You think with the budget coming down today I'd see material in the morning papers worth blogging about, but there seems to be nothing there that a hundred other people couldn't discuss with deeper insight.
So I'll talk about something else. For the past six months, in an attempt to save money, my reading material has been composed exclusively of books purchased from the local Value Village stores.
Here are some of the high and low lights.
Salammbo, by Gustave Flaubert. I spent my college years dodging Madame Bovary, so this little penguin edition was a pure upside surprise. It's Flaubert's least known novel (outside of France), and tells of the revolt against Carthage by an army of barbarian mercenaries. Hugely entertaining, very cinematic, and ironic in that the Carthaginians are at least as barbaric as their mercenary foes. Also interesting in light of 300, where the whole idea of homosexual unions in ancient armies is (apparently: I haven't seen the film) swept under the carpet. Here it is dealt with fairly openly. Great read, even in translation. Heavy on the barbaric splendour!
Song of The Dodo, by David Quammon. If Global Warming doesn't kill us, the decrease in global biodiversity will. That's the take away message from this 1996 pop-science classic. Despite the depressing subject matter, a very funny book. You can see the novelist's touch in Quammon's writing. My favorite part is his description of a group of Komodo dragons dismembering a dead goat.
Habitant Poems, by W.H. Drummond. My nod towards Canadiana. Poetry as Jean Chretien might have written it in garbled English! Also, I found a 4-leaf clover pressed between the pages.
The Artificial White Man, by Stanley Crouch. I guess you would call Crouch a black cultural theorist. Writes on Tarantino's movies, Borges, Hemingway, and popular culture. Sometimes highly provocative. For example, Crouch claims that the black athlete/white woman fad is driven by the fact that white women are far more open to sexual experimentation than their black counterparts. Hmm! On the downside, his prose can be a weird amalgam of Lit Crit abstraction and hipster talk.
The Amber Spy Glass, by Philip Pullman. The last entry in "His Dark Materials" trilogy. Good up until the end, where it devolves into metaphysical gibberish.
The Cultures of Cities, by Sharon Zukin. A bit hit or miss, but answers the question (in a brief aside): why do you see so many bland abstract paintings in your typical office building? Answer: because if you represent something, it might offend people, and most people don't know enough about abstract art to know if what they're seeing is good or bad.
White Teeth, by Zadie Smith. I really wanted to like White Teeth, and indeed some of it is LOL funny. Still, the writing is so arch it made me gag in places.
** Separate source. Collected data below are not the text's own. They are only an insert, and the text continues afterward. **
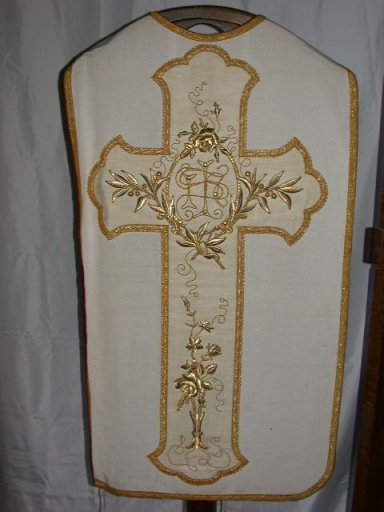 Ornement blanc 4 : chasuble, étole, manipule, bourse de corporal et voile de calice,
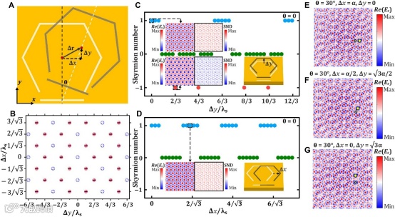 图3. 光学斯格明子对准信标。复合纳米结构的错位引起的光学斯格明子拓扑转变。
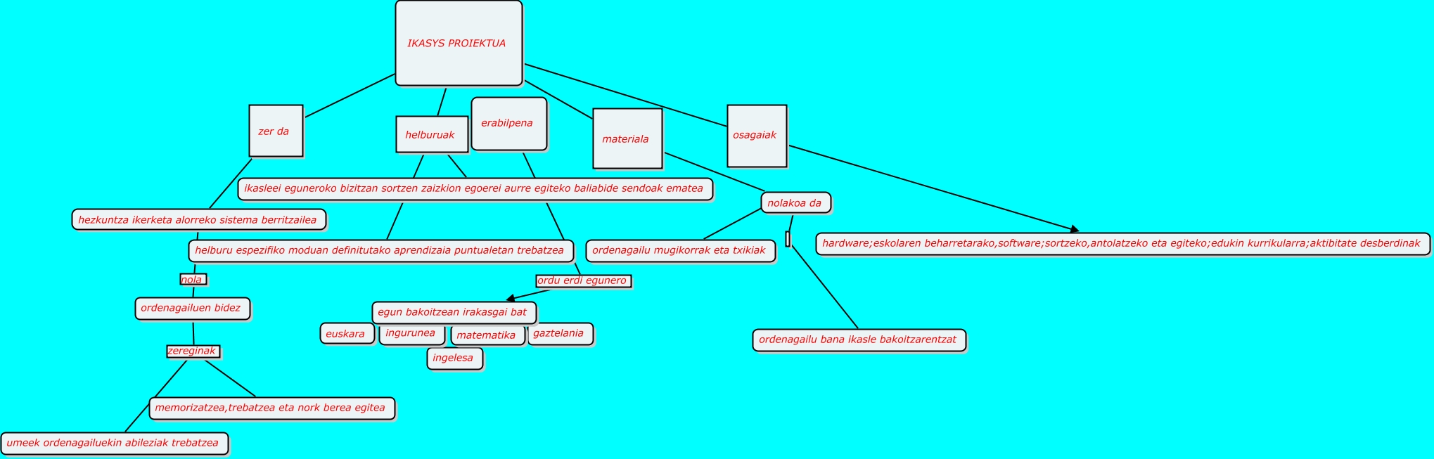 Este Cmap, tiene información relacionada con: ibai2, erabilpena ordu erdi egunero egun bakoitzean irakasgai bat, IKASYS PROIEKTUA osagaiak hardware;eskolaren beharretarako,software;sortzeko,antolatzeko eta egiteko;edukin kurrikularra;aktibitate desberdinak, IKASYS PROIEKTUA materiala nolakoa da, IKASYS PROIEKTUA zer da hezkuntza ikerketa alorreko sistema berritzailea, IKASYS PROIEKTUA helburuak helburu espezifiko moduan definitutako aprendizaia puntualetan trebatzea, hezkuntza ikerketa alorreko sistema berritzailea nola ordenagailuen bidez, ordenagailu mugikorrak eta txikiak nolakoa da, ordenagailuen bidez zereginak memorizatzea,trebatzea eta nork berea egitea, nolakoa da ordenagailu bana ikasle bakoitzarentzat, IKASYS PROIEKTUA helburuak ikasleei eguneroko bizitzan sortzen zaizkion egoerei aurre egiteko baliabide sendoak ematea, ordenagailuen bidez zereginak umeek ordenagailuekin abileziak trebatzea
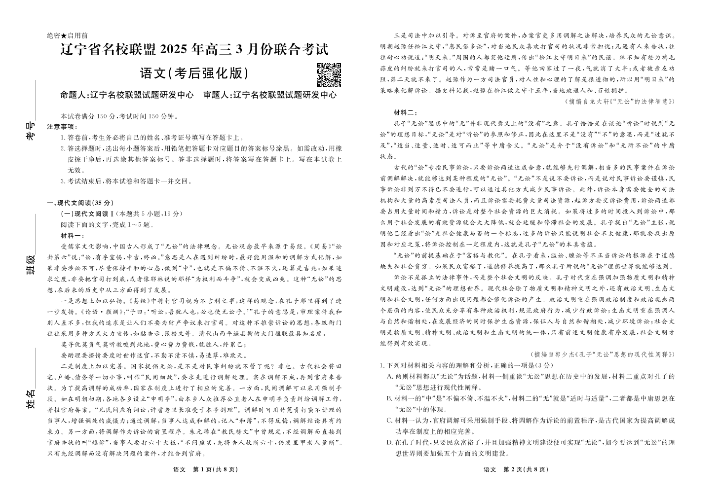 语文2025年辽宁高三3月联考正文(考后强化版).pdf

Same, in spades, with The Autograph Man.
All the Pretty Horses, by Cormac MaCarthy. I liked Blood Meridian, even though I thought some of the writing did not make sense (though its biblical as all get out). This one, however, is pure ideological porn for Red-State goobers.
Anything by Michael Ignatieff. Its amazing how much stuff of Iggy's winds up in Value Village. And what awful shape its in. I found copies with human teeth marks in them, as though the reader had tried to chew the book to pieces out of pure rage.
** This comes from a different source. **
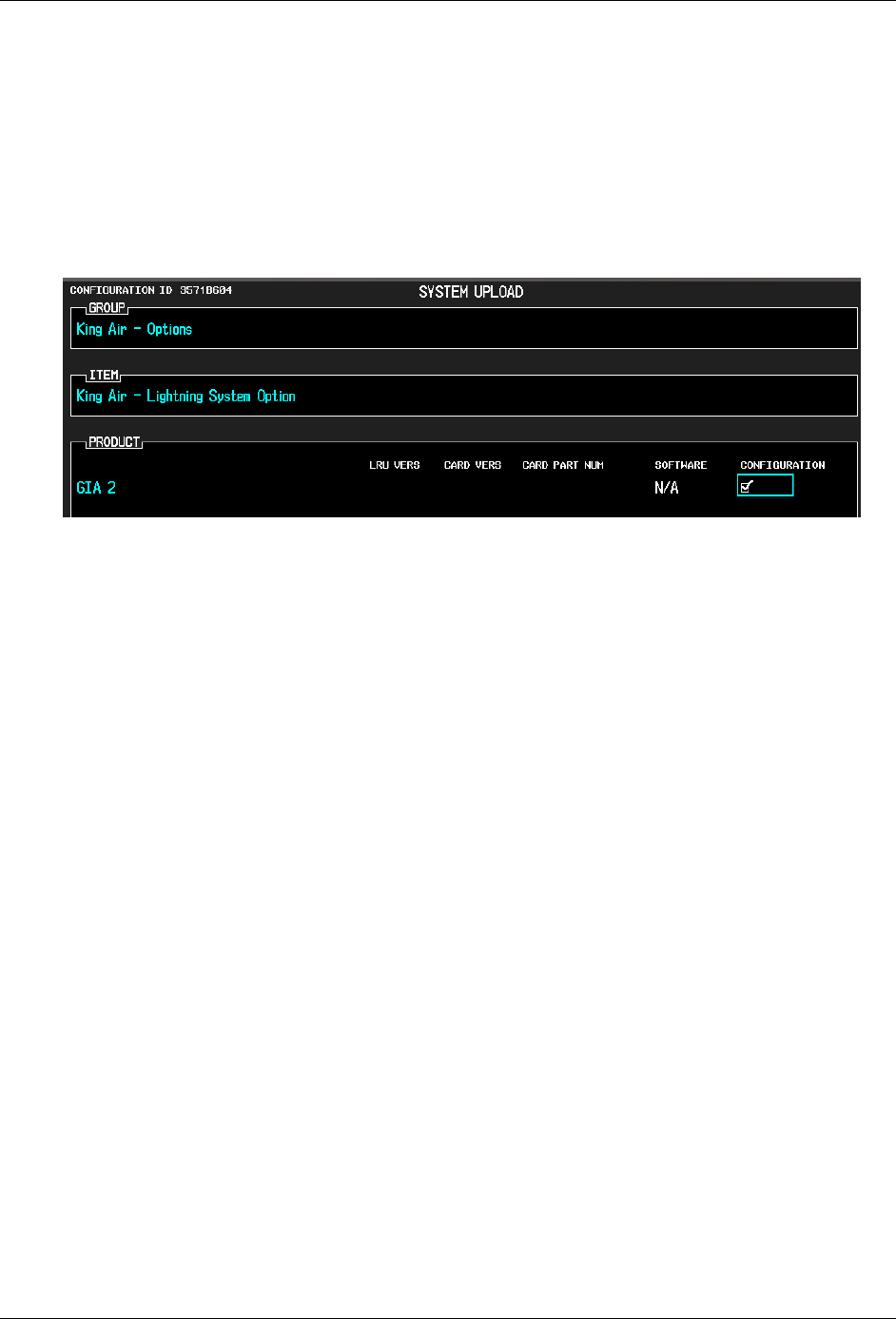 1. With the loader card in the top slot of PFD1 and PFD1 in configuration mode, select the “System Upload”

In any case, it is clear that you can feed your mid to high-brow taste in reading material through Value Village, and nothing is really over $5.00. In fact, Habitant Poems cost me 99 cents for a book and some free good luck. You can't beat that deal.
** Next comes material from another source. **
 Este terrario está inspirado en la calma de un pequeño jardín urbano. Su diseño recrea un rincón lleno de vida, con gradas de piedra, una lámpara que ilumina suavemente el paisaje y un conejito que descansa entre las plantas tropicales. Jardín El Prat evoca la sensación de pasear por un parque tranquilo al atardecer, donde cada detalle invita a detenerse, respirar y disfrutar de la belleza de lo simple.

You couldn't find anything worth blogging about? My God man. This, 19 March 2007, is the most infamous day in Anglo-Saxon history since the heinous murder in 1649 of our monarch, his grace, Charles 1, King of England, Scotland and Ireland.
Conrad Moffat Black, Lord of Crossharbour and all the lands and manors there pertaining to, stands trial in Chicago, falsely accused by a grab bag of colonial neer-do-wells of dubious pedigree, of conducting his business affairs in other than the most upstanding correctitude and stringent propriety.
The cabal of dippers, greenthings, liberals and assorted sniveling Marxist-Leninists who frequent these blogs no not how much they owe to the beneficence of Lord Black and others of his station for their good fortune in life. Just ask Paul Martin, Andre Desmarais and Iggy.
On to Chicago!
Um Have you heard of a wonderful idea from the Carnegies? It's called the public library. Surely you have a couple in Toronto.
Its amazing how much stuff of Iggy's winds up in Value Village.
Oh, c'mon. You threw that in just to tease people. Did you really buy anything written by Iggy?
Empire Lite, Rights Revolution, and tried to read his novel but got to maybe page six. Tons of copies of Virtual War show up at Value Village, which is strange because its actually quite decent.
Anyway, bought 'em all at the big VV. Usually under $3 a pop.